-- Record extracts --
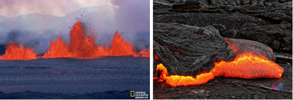 由于岩浆房位于地壳的深部,无法直接观察,研究手段有限,所以人们早期只能通过火山喷发的产物来“一窥”深部岩浆房的“真容”。近距离的观察和研究表明火山喷发的熔岩主要以熔体为主(图1),同时会含有一定量的矿物斑晶和挥发份气体,因此“深部岩浆房主要以熔体为主”成为了人们长期以来的共识。
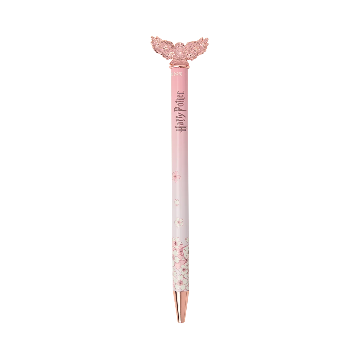 桜をまとったフクロウモチーフのボールペン。淡いピンクのデザインで手元を彩ります。
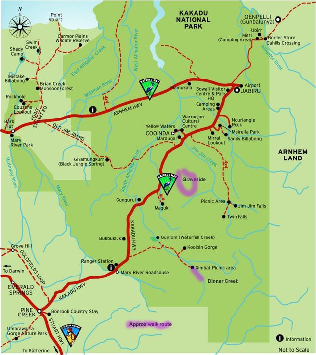 Dinner Creek is one of the few areas in Kakadu where it is possible to do interesting one-day loop walks. One of these loops will bring us to a high point from which we get some excellent views. The other brings us to one of the most interesting geological features in Kakadu, for some, a truly special place. No photo can possibly do it justice, which is why we do not publish one, either in our trip notes or on our website.
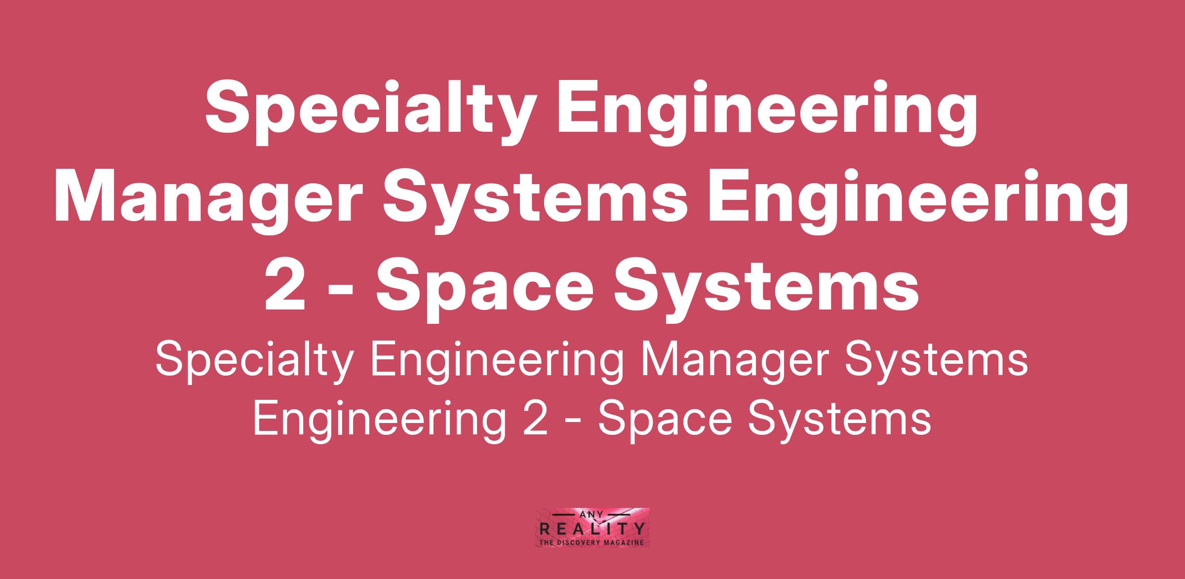 Specialty Engineering Manager Systems Engineering 2 - Space Systems
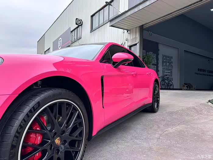 到手就贴了改色膜,甜菜根紫,跟718那个玫红很像,老婆指定要改这个色,我权当它是猛男粉了。
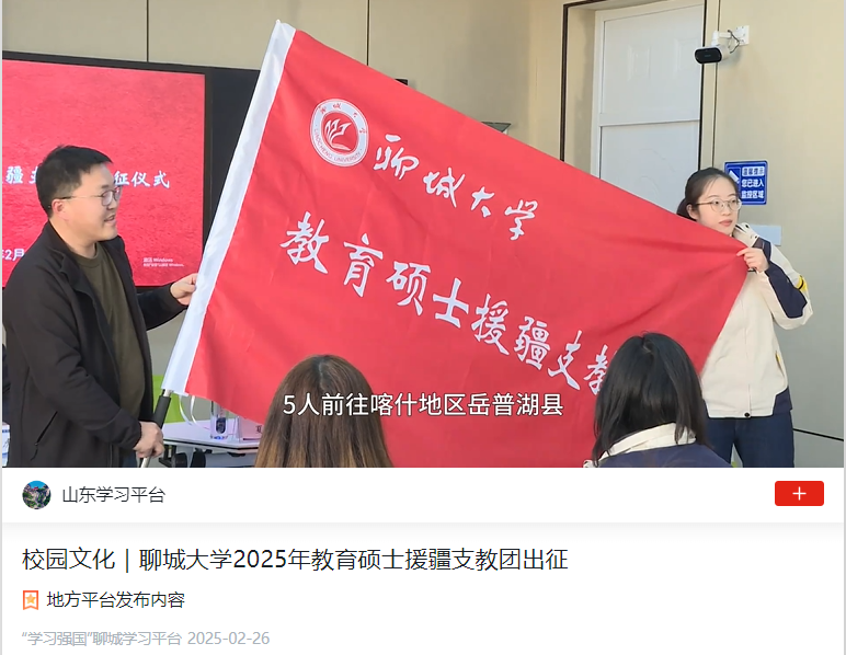 【學習強國】報道聊城大學2025年教育碩士援疆支教團出征
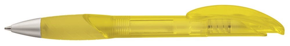 Druckkugelschreiber mit uni transparent glänzendem Gehäuse, ergonomischer Gummigriffzone, Bogenclipdrücker und Metallspitze mattchrom.
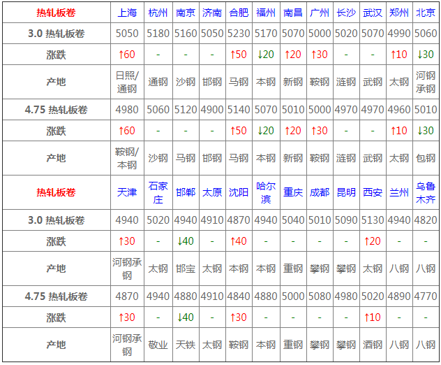 今全國熱軋市場震蕩調(diào)整,幅度10-60元,期卷持紅運(yùn)行,鋼坯回漲提振,市場心態(tài)轉(zhuǎn)好,資源止跌操作居多,然終端入市多觀望,預(yù)計熱軋板卷價格小漲觀望。
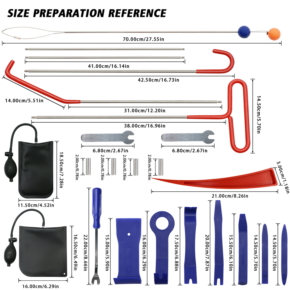 Car Stainless Steel 5th Wheel Pin Puller, 67 Inch Long Reach Tool Outdoor Steel Wheel Puller, Automotive Repair Tool With Carrying Bag (27PCS) Product Description ✅【Flexible and Convenient Design】Long Reach Tool segmented design for easy disassembly, Multi-angle hook design can pull and move objects easier. Such as rolling garage doors,carts, crates and other stacks. ✅【Multi-Purpose Use】Our car tool kit can adjust the decorative strips, Air-conditioning outlets, Audio dashboards, And loose screws in the car. Choosing the right tool can make your work easier more efficient. ✅【Premium Material】Made of High quality ABS plastic and stainless steel, Strong structure, Anti-oxidation, Not easy to bend. They are reliable for emergencies, For a long lifetime use and easy to keep clean. Why do you choose our Car Repair Tool Kit? ✔️Our car tool kit can Adjust the decorative strips,air-conditioning outlets,audio dashboards,and loose screws in the car. Choosing the right tool can make your work easier more efficient.. Made of High quality ABS plastic and stainless steel,Strong structure,Anti-oxidation,Not easy to bend.They are reliable for emergencies,For a long lifetime use and easy to keep clean. ✔️We always put the customer's satisfaction firstly, try our best to solve customer's any problem. ✔️If you have ordered a wrong item or not satisfied with our product .Please let us know firstly by sending message or e-mail.We will reply to you within 24 hours and offer you our best services. ✅【Easy to Carry】Our car tool kit is equipped with a portable carrying bag. Packaging Include: 1 x Portable carrying bag 2 x Stainless steel straight rod 3 x Wrapped environmental protection non-slip protective sleeve stainless steel hook 2 x Non-slip handle wrench 4 x Hexagonal nuts 9 x Car decoration warping plate removal tools 2 x TPU material can be compressed expansion air bag 1 x Heavy Duty Long Reach Grabber Tool 2 x Non-slip gloves 1 x Towel

-- Instructions for the task --
Look above for the line with "到手就贴了改色膜,甜菜根紫,跟718那个" and the line with "今全國熱軋市場震蕩調(dià", then copy exactly the lines from the first through the second, both kept, with no pictures.

-- Expected answer --
 到手就贴了改色膜,甜菜根紫,跟718那个玫红很像,老婆指定要改这个色,我权当它是猛男粉了。
 【學習強國】報道聊城大學2025年教育碩士援疆支教團出征
 Druckkugelschreiber mit uni transparent glänzendem Gehäuse, ergonomischer Gummigriffzone, Bogenclipdrücker und Metallspitze mattchrom.
 今全國熱軋市場震蕩調(diào)整,幅度10-60元,期卷持紅運(yùn)行,鋼坯回漲提振,市場心態(tài)轉(zhuǎn)好,資源止跌操作居多,然終端入市多觀望,預(yù)計熱軋板卷價格小漲觀望。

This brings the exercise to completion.